ND's Mitsotakis at Delphi Forum: Greece's biggest problem is political and institutional

Greece's number one priority has to be investments and jobs, main opposition leader Kyriakos Mitsotakis said at the Delphi Economic Forum on Thursday.
The present government is overtaxing the producing sector to focus on subsidies and handouts, but he supports an investment-driven growth in sectors where Greece excels, the New Democracy leader said in a discussion with Financial Times journalist Martin Wolf.
In terms of the debt, Mitsotakis said that Greece needs more fiscal space to break out of a vicious cycle, but the fear in EU is that the fiscal space will be used to further enlarge the public sector, whereas he will use it to reduce taxes.

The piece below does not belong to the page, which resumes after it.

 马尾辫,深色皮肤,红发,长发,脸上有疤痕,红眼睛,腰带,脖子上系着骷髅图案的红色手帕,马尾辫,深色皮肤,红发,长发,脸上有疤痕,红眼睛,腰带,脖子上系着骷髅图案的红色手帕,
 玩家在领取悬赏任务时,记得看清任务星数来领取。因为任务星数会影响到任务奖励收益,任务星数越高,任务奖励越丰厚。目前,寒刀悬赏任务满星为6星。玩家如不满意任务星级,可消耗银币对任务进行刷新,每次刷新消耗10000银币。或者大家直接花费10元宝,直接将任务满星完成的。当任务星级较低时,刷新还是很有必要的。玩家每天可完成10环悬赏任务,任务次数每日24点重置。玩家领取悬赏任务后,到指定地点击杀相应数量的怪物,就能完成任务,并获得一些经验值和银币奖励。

Greece's biggest problem is political and institutional, Mitsotakis said. If the institutional performance does not improve, Greece will be underperforming in the future.
"All populist governments, whether right or left, use the same playbook," Mitsotakis said, with a three-prong approach: controlling the media, intervening in justice, and going after political opponents.

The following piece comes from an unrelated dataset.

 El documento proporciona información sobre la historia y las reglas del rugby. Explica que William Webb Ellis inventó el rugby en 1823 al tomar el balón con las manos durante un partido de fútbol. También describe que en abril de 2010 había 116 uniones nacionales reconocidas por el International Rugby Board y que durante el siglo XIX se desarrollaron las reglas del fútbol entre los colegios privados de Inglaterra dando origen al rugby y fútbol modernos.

"The level of intervention we have seen in justice is unacceptable and undermines the core of democracy," he said. One of the ways of changing this is observing absolute meritocracy in staffing the government, and introducing legislation outlining in detail the role of the PM?s office, how to conduct policy with ministers, and what the role of the PM is. This would also require "a very bold constitutional amendment change", he added, as the Greek constitution "has outlived its utility."